Sortir de l’isolement, retrouver la joie

Son initiative est concrète. Chaque année, avec les habitants de sa rue, ils demandent l’autorisation à la mairie de privatiser leur rue le temps d’une journée. Ils sortent les tables, chacun apporte un plat, et la rue devient un lieu festif. Une sorte de fête des voisins « hors saison », libérée des cadres rigides.

Son projet, s’il arrive en mairie, est de démocratiser cette pratique.

Imaginez : la commune mettrait à disposition des kits « banquet » (tables, bancs, barnum) livrés par un agent le matin et récupérés le lendemain. L’autorisation de fermer une rue ( tant qu’il ne s’agit pas d’une artère principale ou d’une ligne de bus ) serait simplifiée.

À moindre frais, on recrée du lien là où il s’était délité. On prend le parti de la joie.

Le lien social : notre meilleure assurance-vie

En allant à votre rencontre ces derniers mois, j’ai fait un constat troublant : beaucoup de Riantécois ne connaissent pratiquement personne dans la commune, parfois même pas leur voisin. Pourtant, dans un monde en plein remous, le lien que nous saurons tisser entre nous sera notre meilleure assurance.

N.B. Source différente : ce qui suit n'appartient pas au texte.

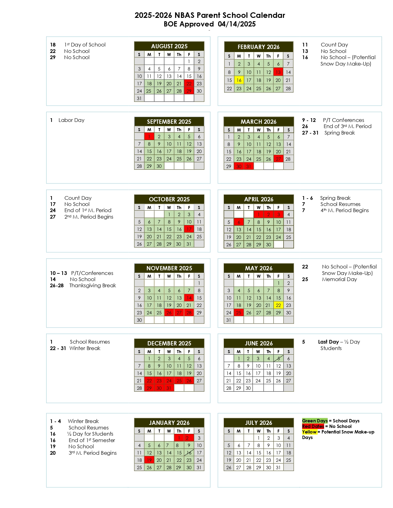 In addition to breaks, there is no school on Labor Day (September 1, 2025), a non-school day (January 19, 2026), and Memorial Day (May 25, 2026). There are also potential snow day make-up days on February 22, 2026, and May 25, 2026.

Cette intuition de la « bienveillance » n’est pas qu’une affaire de bons sentiments, c’est un enjeu de résilience. Lors du tsunami de 2011 au Japon, les chercheurs Daniel P. Aldrich et Yasuyuki Sawada ont analysé 133 villes sinistrées. Ils ont découvert que le facteur déterminant de la survie n’était ni la hauteur des digues, ni l’exposition géographique, mais le niveau de confiance et d’interaction entre les habitants.

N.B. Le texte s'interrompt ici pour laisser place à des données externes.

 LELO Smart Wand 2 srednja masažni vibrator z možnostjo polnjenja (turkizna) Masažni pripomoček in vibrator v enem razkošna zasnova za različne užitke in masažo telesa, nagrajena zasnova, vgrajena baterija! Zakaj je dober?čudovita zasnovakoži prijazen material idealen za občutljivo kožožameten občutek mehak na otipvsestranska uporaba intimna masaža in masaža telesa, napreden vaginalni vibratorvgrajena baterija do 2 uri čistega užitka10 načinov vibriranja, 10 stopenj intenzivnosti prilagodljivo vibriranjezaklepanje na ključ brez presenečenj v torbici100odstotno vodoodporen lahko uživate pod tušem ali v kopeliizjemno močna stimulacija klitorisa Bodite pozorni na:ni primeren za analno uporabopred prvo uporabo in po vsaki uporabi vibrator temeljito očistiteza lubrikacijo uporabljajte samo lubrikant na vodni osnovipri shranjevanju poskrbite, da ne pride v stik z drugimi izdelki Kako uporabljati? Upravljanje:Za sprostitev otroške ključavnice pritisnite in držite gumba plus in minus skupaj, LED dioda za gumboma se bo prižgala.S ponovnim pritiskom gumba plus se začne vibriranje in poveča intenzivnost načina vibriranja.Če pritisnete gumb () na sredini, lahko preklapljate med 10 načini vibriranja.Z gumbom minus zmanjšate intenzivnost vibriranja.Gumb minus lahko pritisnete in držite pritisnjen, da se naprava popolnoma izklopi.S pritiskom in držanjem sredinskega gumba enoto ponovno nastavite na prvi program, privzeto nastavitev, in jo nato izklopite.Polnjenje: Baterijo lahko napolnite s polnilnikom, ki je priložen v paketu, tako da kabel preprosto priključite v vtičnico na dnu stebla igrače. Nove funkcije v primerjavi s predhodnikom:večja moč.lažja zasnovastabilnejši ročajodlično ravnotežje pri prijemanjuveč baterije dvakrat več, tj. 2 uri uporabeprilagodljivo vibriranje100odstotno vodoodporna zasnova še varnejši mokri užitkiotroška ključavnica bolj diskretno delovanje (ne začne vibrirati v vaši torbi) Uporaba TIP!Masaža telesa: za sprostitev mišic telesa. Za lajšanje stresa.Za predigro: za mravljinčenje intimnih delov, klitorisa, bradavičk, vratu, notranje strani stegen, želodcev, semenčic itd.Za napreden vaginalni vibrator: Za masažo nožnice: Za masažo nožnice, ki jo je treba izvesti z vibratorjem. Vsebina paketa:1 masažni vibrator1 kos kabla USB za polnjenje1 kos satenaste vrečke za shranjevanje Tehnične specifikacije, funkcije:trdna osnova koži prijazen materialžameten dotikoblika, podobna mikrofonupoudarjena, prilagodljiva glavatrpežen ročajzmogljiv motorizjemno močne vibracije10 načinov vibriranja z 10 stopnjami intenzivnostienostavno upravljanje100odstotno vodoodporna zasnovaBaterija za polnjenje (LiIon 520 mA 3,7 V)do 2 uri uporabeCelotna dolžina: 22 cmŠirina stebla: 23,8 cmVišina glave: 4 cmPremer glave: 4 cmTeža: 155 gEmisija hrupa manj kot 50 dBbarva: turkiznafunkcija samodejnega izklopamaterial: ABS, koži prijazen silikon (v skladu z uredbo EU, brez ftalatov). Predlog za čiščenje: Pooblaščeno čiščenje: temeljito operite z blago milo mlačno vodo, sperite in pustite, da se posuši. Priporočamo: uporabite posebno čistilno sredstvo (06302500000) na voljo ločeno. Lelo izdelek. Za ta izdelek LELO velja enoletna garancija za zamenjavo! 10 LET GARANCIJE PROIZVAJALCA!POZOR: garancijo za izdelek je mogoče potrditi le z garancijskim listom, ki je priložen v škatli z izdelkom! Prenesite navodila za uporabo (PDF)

Pourquoi ? Parce qu’entre le séisme et l’arrivée de la vague, il ne restait que 40 minutes. Là où les gens vivaient isolés, chacun est resté seul face au danger. Mais dans les communautés soudées, une chaîne d’entraide s’est immédiatement mise en place : on a frappé aux portes, on a porté les plus fragiles, on s’est mobilisé ensemble. Les municipalités riches en liens sociaux ont eu des taux de mortalité bien plus faibles.

C’est le grand paradoxe moderne : on investit des millions dans les infrastructures physiques (le béton, les digues, les caméras), mais presque rien dans le tissu social. Pourtant, le lien social est notre facteur de protection le plus efficace face aux crises, qu’elles soient climatiques, sociales ou économiques.

Cultiver la joie de se connaître aujourd’hui, c’est construire notre capacité à tenir ensemble demain.

La solitude et l’individualisme ne sont pas seulement tristes, ils pèsent sur notre santé mentale. À l’inverse, cultiver la joie de se retrouver est un acte de résistance nécessaire.

Une vision : Les Banquets Culs Salés

Quand je laisse libre cours à mes ambitions pour notre commune, j’imagine cette idée se déployer de mai à septembre. Ce serait une sorte de festival décentralisé où chaque quartier, chaque hameau, pourrait organiser sa propre tablée.

On ne ferait pas que manger :

  • À Brambis, on pourrait s’aventurer dans les bois avec un conteur.
  • Au Bois d’Amour, un botaniste nous ferait découvrir les plantes de notre pays.
  • À la Croizetière, les voisins musiciens feraient vibrer les légumes.

Chaque voisinage serait libre de s’emparer de l’idée ou non. La mairie ne serait pas un organisateur, mais un facilitateur, un appui logistique qui dit : « Allez-y, rencontrez-vous, la rue est à vous. »

Au-delà de la simple rencontre, une telle initiative transformerait l’image même de notre commune. Aujourd’hui, si Riantec est prisée pour la beauté de ses sentiers côtiers, la ville souffre paradoxalement d’une image de « ville sans vie ».

Nous disposons pourtant de toutes les installations nécessaires, mais celles-ci sont souvent perçues comme purement utilitaires par les habitants des communes voisines : on vient ici pour le laboratoire d’analyses, pour accompagner un enfant au collège ou pour la déchetterie, mais trop rarement pour le simple plaisir d’y vivre une expérience joyeuse.

En ouvrant nos rues à la convivialité, nous changeons ce regard. Riantec cesserait d’être un lieu de passage technique pour devenir une destination festive. Ce projet porte en lui la promesse d’une ville qui ne se contente plus de rendre des services, mais qui offre des moments de vie. En cultivant cette « culture du banquet » et de l’accueil, nous donnerions à Riantec le visage d’une commune chaleureuse, habitée par ses citoyens.

Le bonheur est contagieux, il suffit parfois d’une table et de quelques chaises sur le bitume pour le voir fleurir.